▸ **What you are asked to do**
Using the listing below, copy exactly each line from the one that has "Dès l’entrée, les" through the one that has "吴亚琴表示,在强化思想引领方"; omit the pictures.

▸ **Data records**

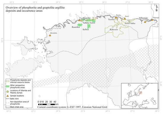 During the opencast mining of phosphorite in 1964–1991, some tens of millions of tons of graptolite argillite were mined from the covering layer of phosphorite ore at Maardu town, near Tallinn. As an overburden, graptolite argillite was mixed up with other overlying rocks, including carbonate rocks (limestone), sandstone, glauconite sandstone and Quaternary sediments. The material was concentrated into large waste dumps. For example, in 1989, opencast mining at Maardu was carried out on more than 6 km2 [45]. The mining and processing stopped in 1991. At present, the waste dumps at Maardu contain about 73 million tons of graptolite argillite [45,46].
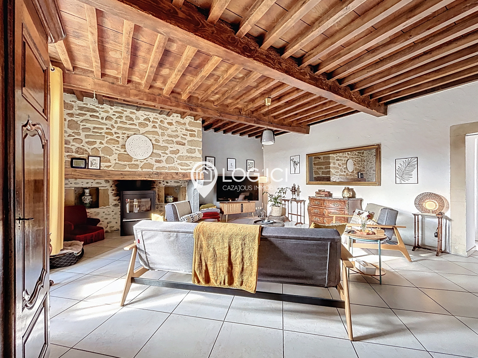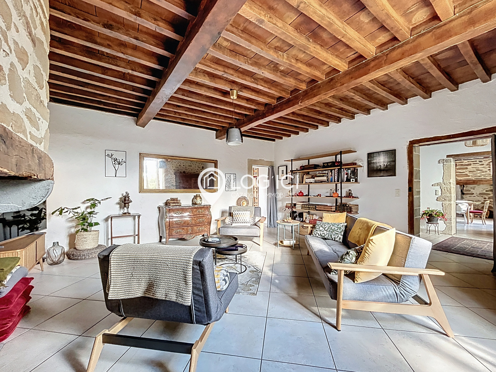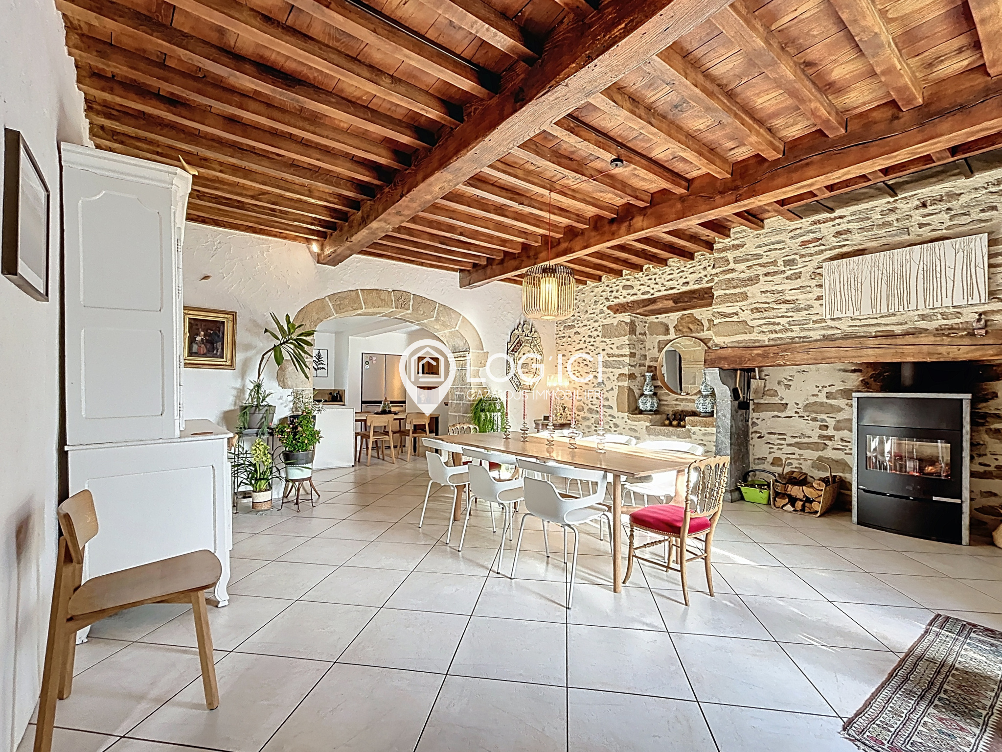 Dès l’entrée, les volumes généreux et la luminosité des pièces de vie se font sentir. La maison propose un vaste salon agrémenté d’un poêle à bois, idéal pour les soirées chaleureuses, ainsi qu’un grand séjour, lui aussi équipé d’un poêle à bois, offrant une ambiance conviviale et familiale. La cuisine, semi-ouverte, entièrement aménagée et équipée, est récente et fonctionnelle. Elle se prolonge par un cellier très pratique pour le quotidien et donne accès à une agréable terrasse couverte, parfaite pour profiter de l’extérieur en toutes saisons.
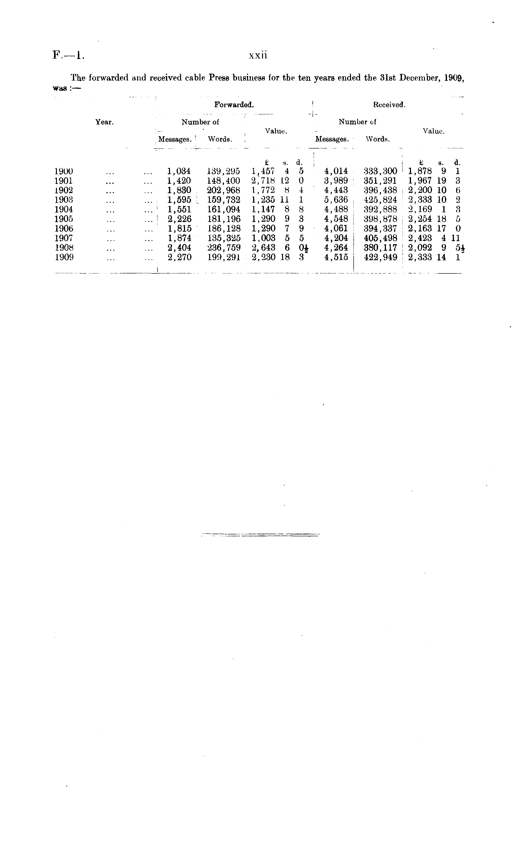 The forwarded and received cable Press business for the ten years ended the 31st December, 1909, was : —
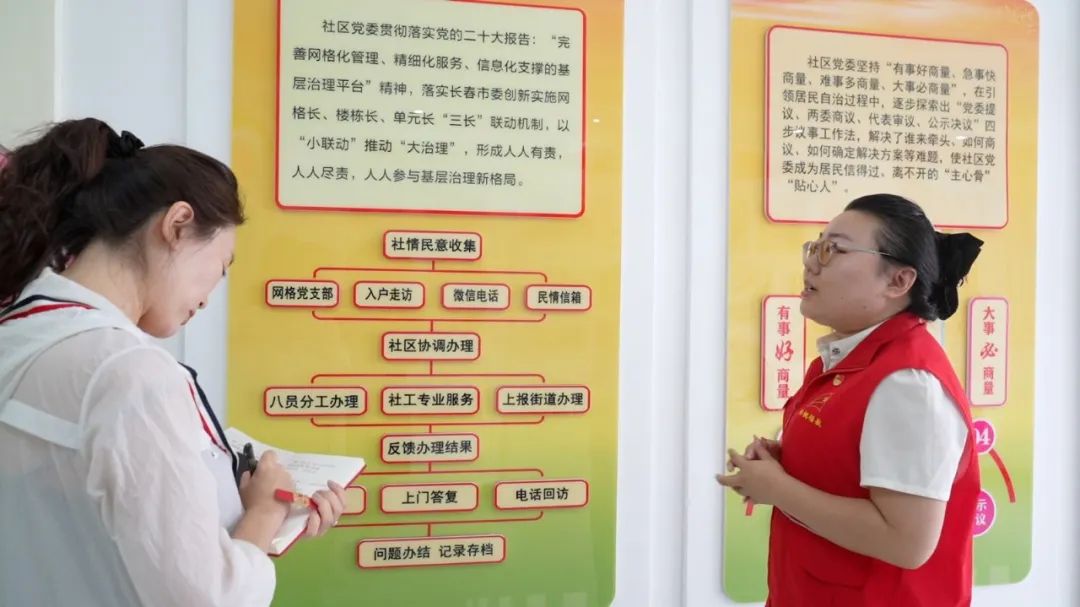 吴亚琴表示,在强化思想引领方面,社区严格落实“三会一课”和“三必帮四必到五必访”党员关爱制度,从每日一报的日常监督到每月党课的思想淬炼,再到每年政治生日的仪式感营造,社区党员始终保持着“对党忠诚、践行誓言”的先锋本色。社区建立了“社区党委—网格党支部—楼栋党小组—党员家庭户”的四级组织体系,让党员亮身份、定责任,以党小组引领楼栋“微治理”,将党组织触角延伸到小区、楼栋、居民家,充分提高了居民对党组织认同感。
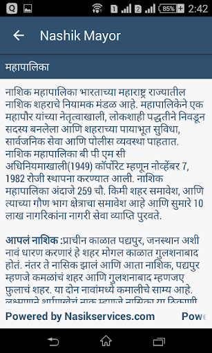 Nashik Municipal Corporation was formed on November 7, 1982 as a body corporate under The BPMC Act, 1949. NMC serves an area approximately 259 sq. kms, including the city and its peripheral areas and provides a range of civic services to around 10 lac citizens of the city of Nashik.
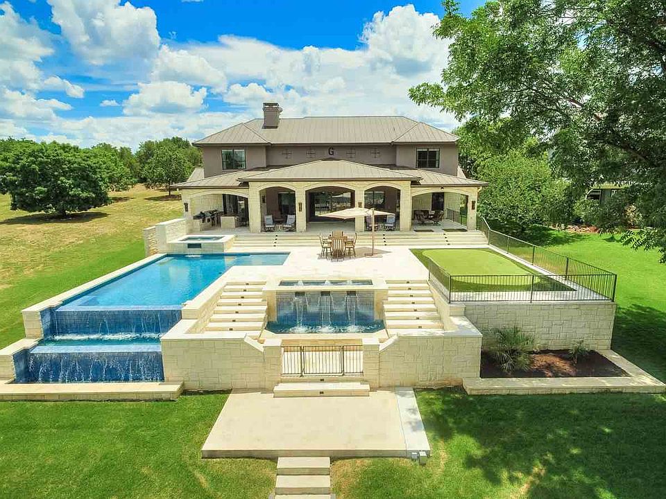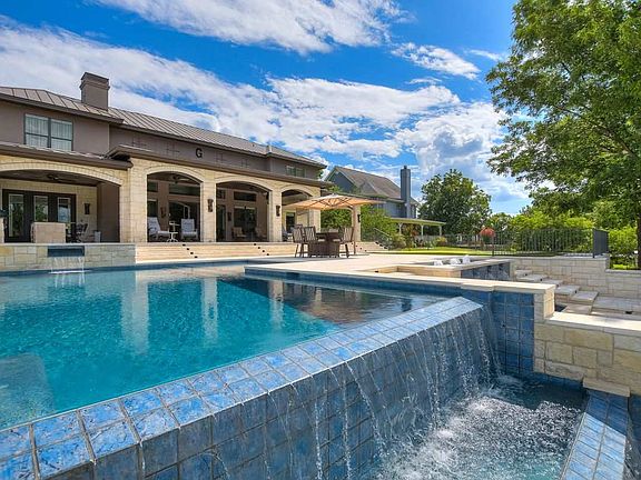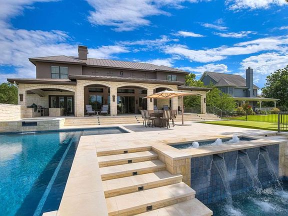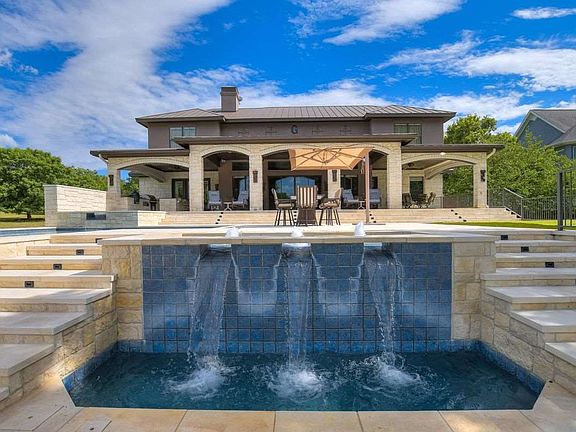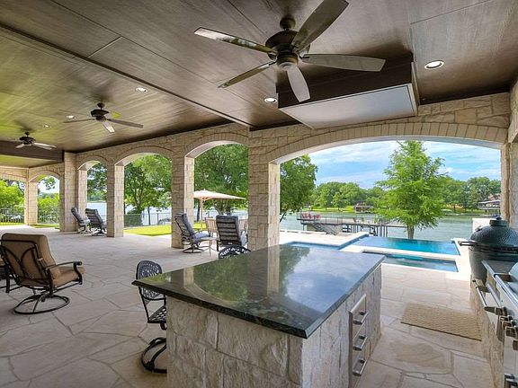 Stunningly beautiful custom home on the Colorado Arm of Lake LBJ, quite and serene location in the gated community of Kingsland Ranch. A large tree covered yard gently slopes to the waterfront where you will find 102' ft. of beautiful, deep, North facing open water encompassing miles of breath taking views over the blue waters of Lake LBJ. A huge patio with outdoor kitchen overlooks the fantastic negative edge pool with hot tub, sunning deck and water features, as well as your own private putting green. Lakeside upper deck & entertaining areas above the boat house. What a wonderful place to spend time with family and friends enjoying the perfect place on Lake LBJ! After a day of splashing in the water you can retire to the outstanding custom built lake house where every detail has been considered, from the grand staircase entrance to the gourmet kitchen and relaxing open concept living area with fabulous fireplace and wet bar. A luxurious master suite overlooking the lake! A second guest bedroom with full bath downstairs, then a family/entertaining room on the second floor and two additional large guest suits each with en-suite baths. A massive bunk-room or media game room encompasses the space above the large 3 car garage providing so much additional space for fun! Truly a fantastic lake house that offers stunning detail and is everything you could desire and more!

▸ **Task result**
 Dès l’entrée, les volumes généreux et la luminosité des pièces de vie se font sentir. La maison propose un vaste salon agrémenté d’un poêle à bois, idéal pour les soirées chaleureuses, ainsi qu’un grand séjour, lui aussi équipé d’un poêle à bois, offrant une ambiance conviviale et familiale. La cuisine, semi-ouverte, entièrement aménagée et équipée, est récente et fonctionnelle. Elle se prolonge par un cellier très pratique pour le quotidien et donne accès à une agréable terrasse couverte, parfaite pour profiter de l’extérieur en toutes saisons.
 The forwarded and received cable Press business for the ten years ended the 31st December, 1909, was : —
 吴亚琴表示,在强化思想引领方面,社区严格落实“三会一课”和“三必帮四必到五必访”党员关爱制度,从每日一报的日常监督到每月党课的思想淬炼,再到每年政治生日的仪式感营造,社区党员始终保持着“对党忠诚、践行誓言”的先锋本色。社区建立了“社区党委—网格党支部—楼栋党小组—党员家庭户”的四级组织体系,让党员亮身份、定责任,以党小组引领楼栋“微治理”,将党组织触角延伸到小区、楼栋、居民家,充分提高了居民对党组织认同感。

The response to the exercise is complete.